■ Problem: Using the data that follows, give again word for word the lines between the one holding "而4岁以下的儿童乘车应安装儿童座椅;12岁以下儿童乘坐后排,同时系好安全带。▼" and the one holding "800mAh PCB Klarus", inclusive. Omit the pictures.

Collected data

○ ○ ○

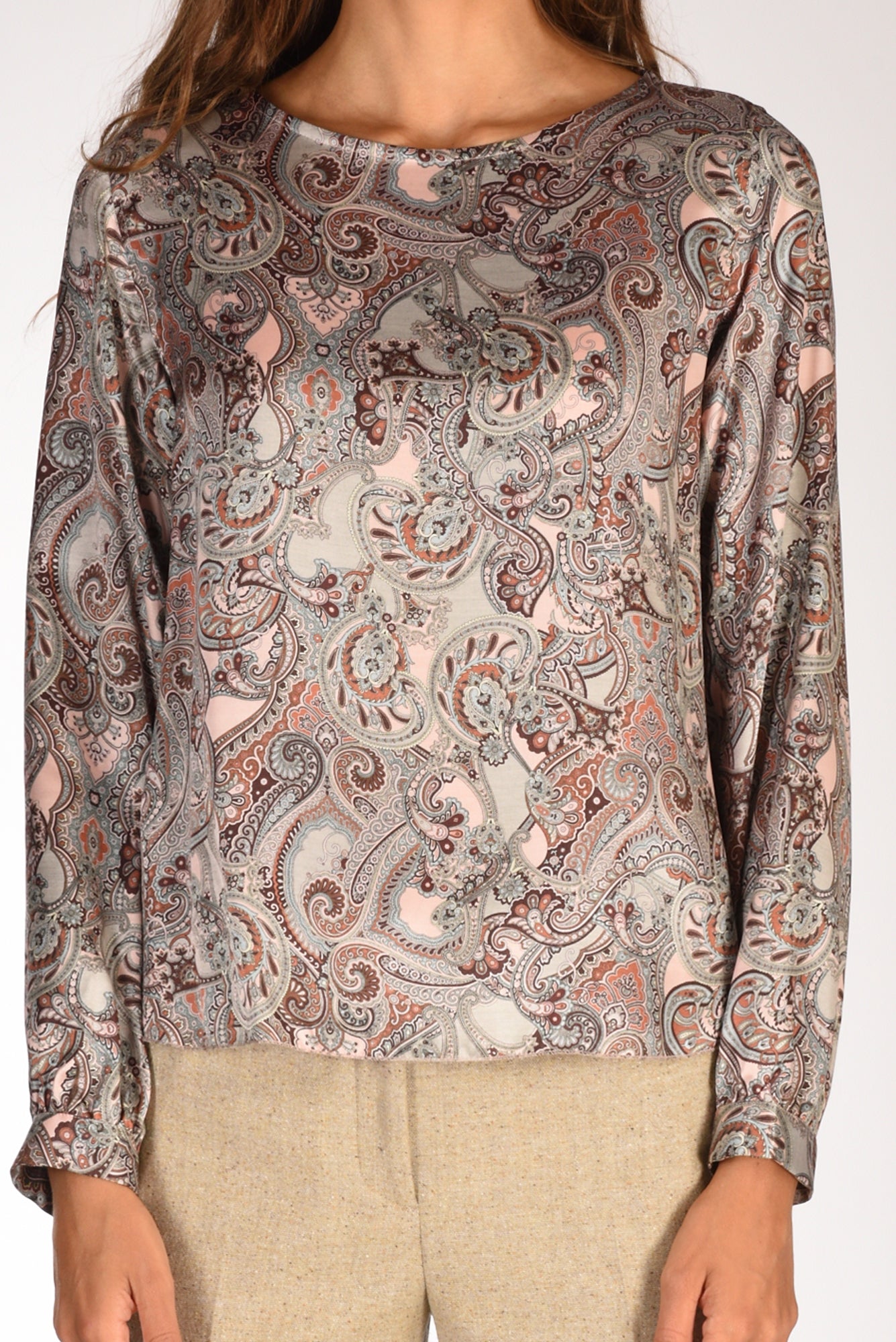 Camicia Stampata Ampio Collo A Giro, Polsino, Vestibilita' Relaxed, Composizione 66 Viscosa, 34 Seta, Made In Tunisia
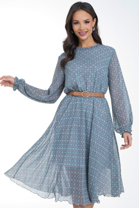 Восхищайте и удивляйте! Элегантное  шифоновое платье, подчеркивающее женственность - отличное решение на каждый день или на праздник для современной стильной женщины. Шикарная модель с пышными красивыми рукавами выполнена из высококачественного шифона с дизайнерским принтом. Очаровательное свободное платье с юбкой полу-солнце создаст нежный воздушный образ! Круглая горловина оформлена рюшей с застежкой на пуговицу на спине. Платье имеет идеальную посадку благодаря индивидуальной корректировки длины за счет мягкой комфортной резинки на талии. По переду сделаны вытачки на грудь. Платье отрезное по талии. Рукава втачные длинные, снизу подогнуты и сосборены на резинку. Платье с подкладом, притачным по горловине и пройме. Поставляется без ремня в комплекте, ремень на фото как пример образа.
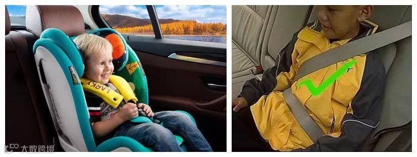 而4岁以下的儿童乘车应安装儿童座椅;12岁以下儿童乘坐后排,同时系好安全带。▼
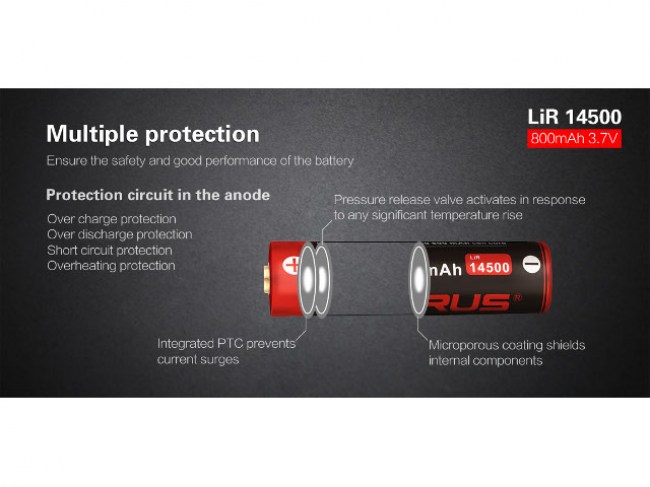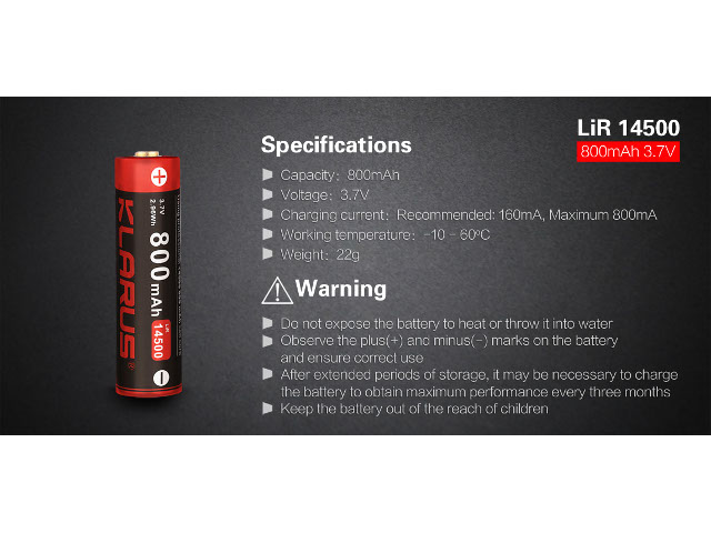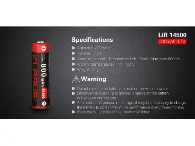 • Baterija litij-ion 14500 AA 3,7V 800mAh PCB Klarus
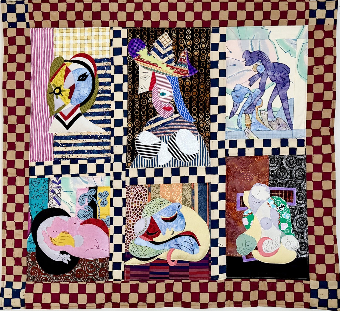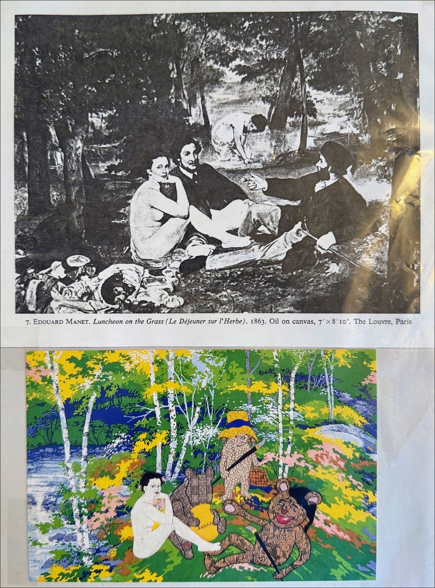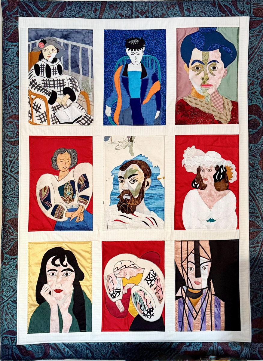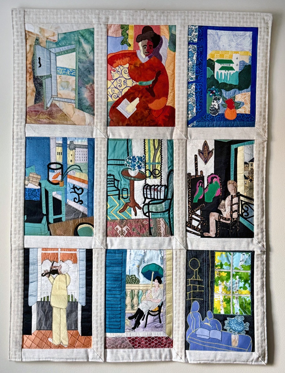 Then there’s “Windows on Matisse,” a 3×3 arrangement of Matisse paintings with windows, and a collage of works by Picasso. She’s also made quilts based on Inuit art, Escher, Van Gogh, Toulouse-Lautrec, and Gauguin, “but Monet is too hard,” she says. Often there’s a humorous twist, such as a piece based on “Luncheon on the Grass” by Edouard Manet — except the gathering of picnickers now includes Paddington Bear and Winnie the Pooh.
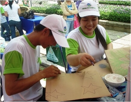 Các bạn trẻ tập thiết kế bao bì tái sử dụng tại ngày hội tái chế 2010 (Ảnh: Hoài Nam)
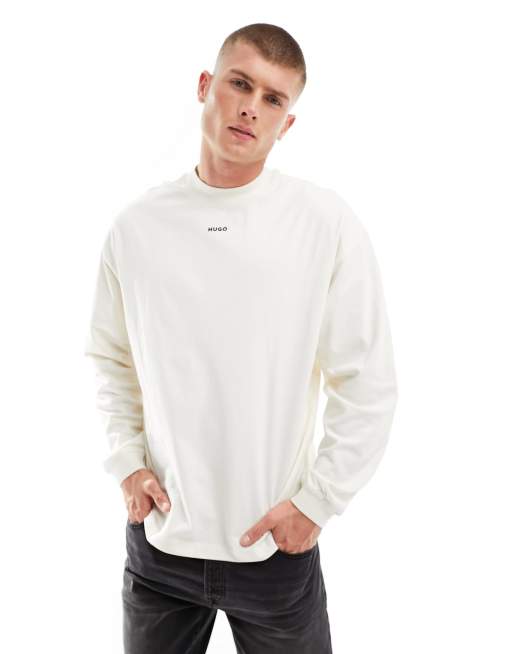 HUGO - Daposo - Hvid og langærmet T-shirt med afslappet pasform

○ ○ ○

■ Response area:
 而4岁以下的儿童乘车应安装儿童座椅;12岁以下儿童乘坐后排,同时系好安全带。▼
 • Baterija litij-ion 14500 AA 3,7V 800mAh PCB Klarus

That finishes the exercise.